PECBO Appendix Site Map
Single variable parametric regressions for presence/absence of different taxa (see Parametric Regression page, Equation 3) are computed using the generalized linear model (GLM) function in R.
 
First make sure that you have loaded the sample biological and environmental data and merged them into a single data frame called dfmerge (see Download Scripts and Sample Data in the Helpful Links box).
 
Also make sure that you have selected the taxa for which you wish to calculate environmental limits and saved them in the vector taxa.names (see the description in the R Scripts for Central Tendencies page in the Helpful Links box).
 

Each model is stored within a single list of models.

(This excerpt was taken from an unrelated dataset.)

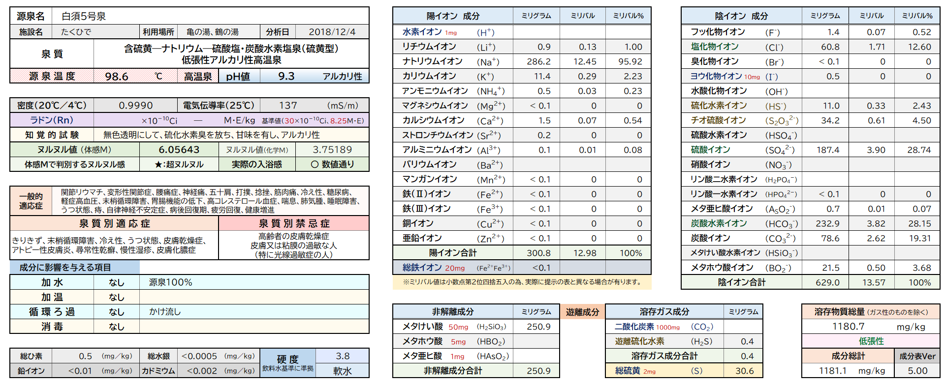 アルカリ性イチオシヌルヌル完全源泉かけ流し宮城県炭酸水素塩泉硫酸塩泉硫黄泉(硫黄型)稀少泉質鳴子温泉 アルカリ性 2023.11.292025.10.24 旬樹庵 琢ひで ※2025/10/24 ヌルヌル値付き(5.00)の成分表へ一部切り替えました。 番号 062 県市 大崎市 基本情報 成分表1 成分表2 成分表3 成分表4 成分表5 総評

# Create storage list for models
modlist.glm <- as.list(rep(NA, times = length(taxa.names)))

for (i in 1:length(taxa.names)) {
  # Create a logical vector is true if taxon is present and false if 
  # taxon is absent.
  resp <- dfmerge[,taxa.names[i]] > 0

  modlist.glm[[i]] <- glm(resp ~ poly(temp,2), data = dfmerge, 
                  family = "binomial")
  # Fit the regression model and store the results in a list.
  # Here, poly(temp,2) specifies that the
  # model is fitting using a second order polynomial of the 
  # explanatory variable.  glm calls the function that fits
  # Generalized Linear Models.  We specify in this case that
  # the response variable is distributed binomially.

  # Print out summary statistics for each model
  print(summary(modlist.glm[[i]]))
}

To plot the model results (similar to those shown on the Parametric Regression page, Figure 5) run the following script.  

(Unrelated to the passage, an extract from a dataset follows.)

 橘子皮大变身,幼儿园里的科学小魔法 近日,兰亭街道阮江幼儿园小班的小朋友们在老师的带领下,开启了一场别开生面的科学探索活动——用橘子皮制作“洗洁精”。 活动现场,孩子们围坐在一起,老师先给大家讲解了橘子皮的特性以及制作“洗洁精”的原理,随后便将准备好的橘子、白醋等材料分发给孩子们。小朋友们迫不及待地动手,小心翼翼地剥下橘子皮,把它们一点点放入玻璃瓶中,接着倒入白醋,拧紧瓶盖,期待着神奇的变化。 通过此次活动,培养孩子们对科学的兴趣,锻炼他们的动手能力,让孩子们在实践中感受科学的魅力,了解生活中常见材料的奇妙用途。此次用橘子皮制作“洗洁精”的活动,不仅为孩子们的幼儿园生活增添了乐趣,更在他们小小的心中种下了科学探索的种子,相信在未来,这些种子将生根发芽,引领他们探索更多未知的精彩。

# Specify 3 plots per page
par(mfrow = c(1,3), pty = "s")        
for (i in 1:length(taxa.names)) {

  # Compute mean predicted probability of occurrence            
  # and standard errors about this predicted probability.
  predres <- predict(modlist.glm[[i]], type= "link", se.fit = T)
    
  # Compute approximate upper and lower 90% confidence limits
  up.bound.link <- predres$fit + 1.65*predres$se.fit
  low.bound.link <- predres$fit - 1.65*predres$se.fit
  mean.resp.link <- predres$fit

  # Convert from logit transformed values to probability.
  up.bound <- exp(up.bound.link)/(1+exp(up.bound.link))
  low.bound <- exp(low.bound.link)/(1+exp(low.bound.link))
  mean.resp <- exp(mean.resp.link)/(1+exp(mean.resp.link))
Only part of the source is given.